Bertolini summed up the interaction this way: "We are used to accomplishing things our way and the students give us a fresh perspective. What they learn from us is how to take it to market. Jim is their resource, the one with real-world experience. We promise if the result is reasonable, it will be implemented. The students are expected to meet deadlines, prepare presentations, and know that their decisions impact citizens. At the presentations we press them on their recommendations and how those fit our organization."

Funding comes from a fee that the county pays to the university, said Taylor. The county is also expected to provide the hardware, software, and other resources that the students need to complete their project. Students donate about 400 hours to these projects, for an estimated savings of more than $10,000 a year for the county.

When asked if he had any advice for MSU faculty who want to work with community partners, Bertolini said, "Yes. The same advice as for the businesses that want to partner with them: Put some skin in the game. The partnership has to be strong. Choose partners that are committed to being successful and form a strong relationship."
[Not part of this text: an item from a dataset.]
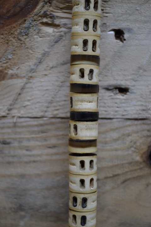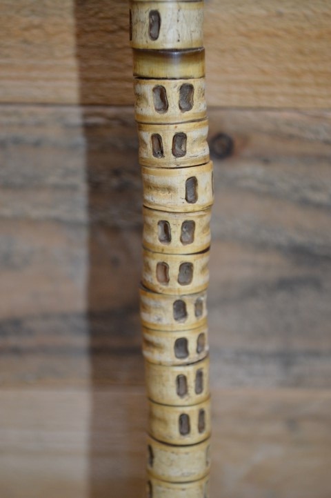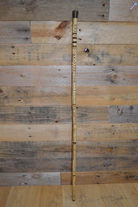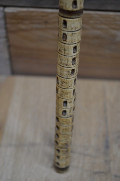 Walvis Wandelstok, zoals ze genoemd worden maar feitelijk gemaakt van haaien wervels. De wervels van een haai zijn over een metalen staaf geregen, met de grootste wervels bovenaan. Hoogst waarschijnlijk gemaakt door een zeeman op de grote vaart tussen 1880 en 1920. Heren met een grote beurs liepen met dergelijke wandelstokken te pronken.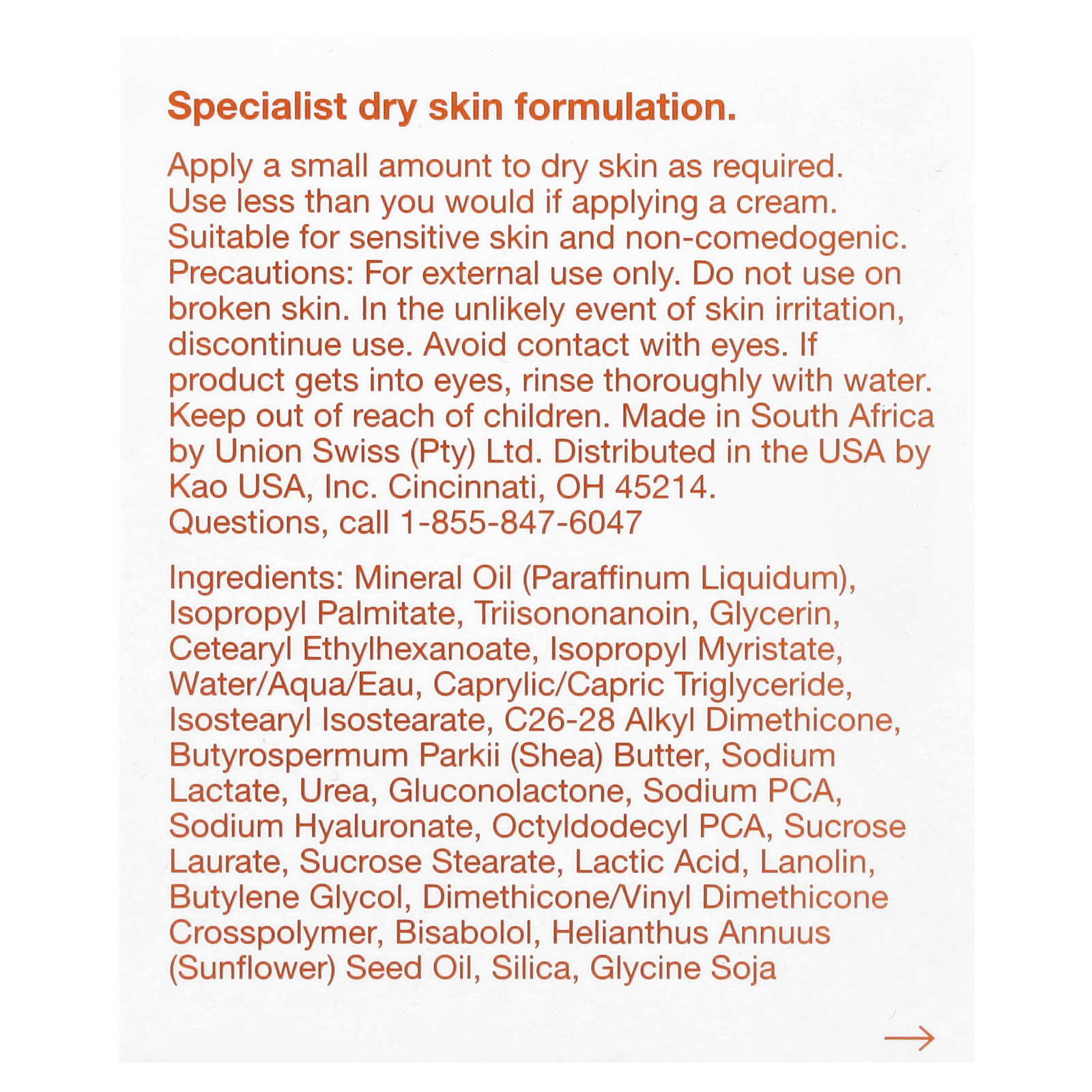 При необходимости нанесите небольшое количество средства на сухую кожу. Используйте меньше, чем при нанесении крема.

For faculty to understand governments, said Bertolini, "Come out and see what we do. Until you do, it's hard to understand the services governments provide. We provide the best services we can for 1.2 million people in the county. It's not just pushing paper. You need to see it. Don't hesitate to go out and visit." And, he added, "Remember that we get as much out of the program as the students do. Their outstanding ability to do research is a credit to the university. I don't regret a single dollar we have spent on this program."